Андрей Кайсаров, как всегда с большой горячностью говоря, а иное преувеличивая, писал своему тезке: «…Так люблю тебя, что всякую минуту дрожу, чтоб кто-нибудь не занял в твоем сердце моего места! Это очень легко. Ведь ты можешь найти миллионы заслуживающих твоей любви; но нигде и никогда не найдешь ты, кто б любил тебя так, как я. Вчера перечитывал я твои письма».

Андрей Иванович платил Кайсарову тем же. 5 января 1800 го-
да Кайсаров был в своей деревне. Андрей Тургенев писал ему, рассказывая о том, что ходил здесь без него в «маленькое общество», где говорят «многое о многом»: «Я пришел и увидел тут Карамзина,.. двух Пушкиных, и мы просидели целый вечер очень весело. Измайлов читал свое «Путешествие в Киев». И далее: «Вчера я был тронут в одном месте Измайлова писем. Он описывает – и очень живо – потерю своего друга, пишет, как он ходил один по весенним лугам, которые прежде радовали их вместе с его другом, и проч. Я посмотрел на Карамзина, вспомнил Агатона, и вообразил тебя, и – почти заплакал».

В одном из писем к другу Андрей Сергеевич признавался: «Я час от часу нахожу в себе с тобою сходство». Друзья, словно предчувствуя, что оба погибнут рано, сильно, почти суеверно дорожили друг другом.

В те годы (1799-1802) рядом с триумвиратом друзей – Жу-
ковский, Андрей Тургенев, Мерзляков – Кайсаров был как бы учеником. Дело здесь не в возрасте, конечно, а в духовной зрелости. Разносторонне подготовленные и занимавшиеся литературой профессионально, они были на голову выше провинциального Кайсарова, отдававшего до этого и уже в годы знакомства львиную долю
своего времени военной однообразной службе. Андрей Тургенев однажды, возможно в шутку, назвал Кайсарова «дополнительным количеством» в их дружеском кругу.

Кайсаров выразил обиду: «Ты думаешь, что обидел меня, сказав, что я дополнительное количество в вашем собрании. Конечно, мне неприятно было это; но ты сам знаешь, что я к вам не напрашивался, чувствуя, что в словесности с вами не равен. Я ещё заранее все это предвидел и был уверен, что если не ты, то, конечно, другой бы кто-нибудь скоро мне об этом напомнил».

Тургенев бросил другу справедливый, но не злостный упрек. Он любил Кайсарова, в котором за муками косноязычия, за грубоватостью и простодушием зрела личность крупного масштаба, этот процесс развивался динамично и сложно. Не случайно Андрей Сергеевич поражал друзей перепадами душевных состояний: то приступами безудержной веселости, то вдруг наступавшей тяжелой меланхолией. Хотя среди них он больше, конечно, слыл за веселого человека и юмориста. В переписке с Александром Тургеневым, имея в виду адресованную себе надпись на портрете Александра со словами «меланхолик», Андрей Сергеевич возражал: «Я совсем не меланхолик; наше маленькое общество только тогда и смеется, как я дурачусь».
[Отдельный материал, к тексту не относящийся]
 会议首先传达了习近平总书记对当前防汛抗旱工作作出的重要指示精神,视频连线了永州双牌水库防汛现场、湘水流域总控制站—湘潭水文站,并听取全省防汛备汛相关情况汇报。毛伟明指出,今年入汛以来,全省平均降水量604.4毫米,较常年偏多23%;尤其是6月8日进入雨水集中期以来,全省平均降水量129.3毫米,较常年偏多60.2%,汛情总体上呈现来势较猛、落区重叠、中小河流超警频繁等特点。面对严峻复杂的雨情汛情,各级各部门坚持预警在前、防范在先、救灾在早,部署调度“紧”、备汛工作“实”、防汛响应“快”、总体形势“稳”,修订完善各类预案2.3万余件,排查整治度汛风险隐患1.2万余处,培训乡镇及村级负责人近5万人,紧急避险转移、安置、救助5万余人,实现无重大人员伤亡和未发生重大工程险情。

Кайсаров прощал своему другу любую критику в свой адрес и… обижался порой, но обижался ненадолго. Он просил Андрея Ивановича высказывать ему все, но не «при гласе трубнем», то есть не при множестве народа, а в личной дружеской беседе.
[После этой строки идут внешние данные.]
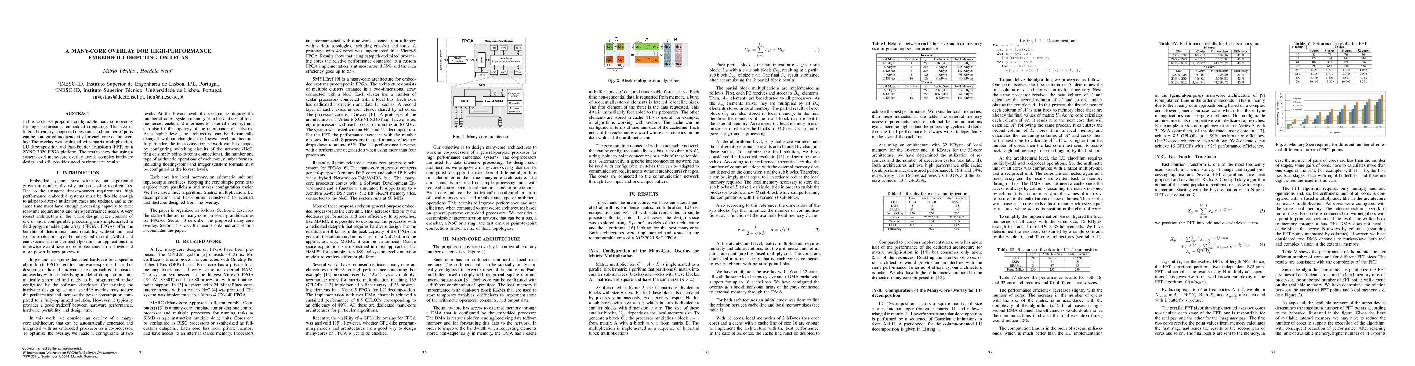 Summary: This research introduces a configurable many-core overlay for FPGA-based embedded computing, which allows independent configuration of memory, operations, and ports for each core. Evaluation on a ZYNQ-7020 FPGA demonstrates that this approach provides high performance while simplifying hardware design.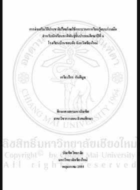 | ชื่อเรื่อง | การส่งเสริมวิถีประชาธิปไตยโดยใช้กระบวนการเรียนรู้แบบร่วมมือสำหรับนักเรียนชาติพันธุ์ชั้นประถมศึกษาปีที่ 6 โรงเรียนบ้านขอบด้ง จังหวัดเชียงใหม่ = Promoting democracy way by using cooperative learning for Prathom Suksa 6 ethnic students at Baan Khob Dong school, Chiang Mai province / เกรียงไกร กันตีมูล |

Держа в уме свои отношения с Андреем Тургеневым, Кайсаров говорил ему: «Мне кажется, что в многих случаях холодность так же вредна, как излишний огонь. Но ты сам все знаешь».

Таким образом, есть намек (всего лишь намек!), что соотношение характеров двух Андреев было такое; «холодность» и «из-
лишний огонь»; отношение резкого, охлажденного ума (Тургенев) и горячего сердца (Кайсаров), почти как у Пушкина: «лед и пламень». Впрочем, эта полярность была лишь в глубине их натур. В жизни, верхнем слое, они сходились гораздо ближе, в их дружбе растворились понимание и теплота. Ошеломивший Кайсарова своей личностью Андрей Тургенев навсегда, до конца дней, стал лучшим его другом, которому была отдана самая сильная, самая глубокая, самая горячая привязанность в жизни.

Примерно так было и со всеми друзьями Андрея Ивановича, которого они любили, может быть не меньше, чем Кайсаров.

Жуковский, выразил свою любовь к Андрею Тургеневу в стихах:

Не он ли нас приятной остротою

И ценностью сердечной привлекал?

Не он ли нас тесней соединял?

Сколь был он прост, нестрашен в разговоре!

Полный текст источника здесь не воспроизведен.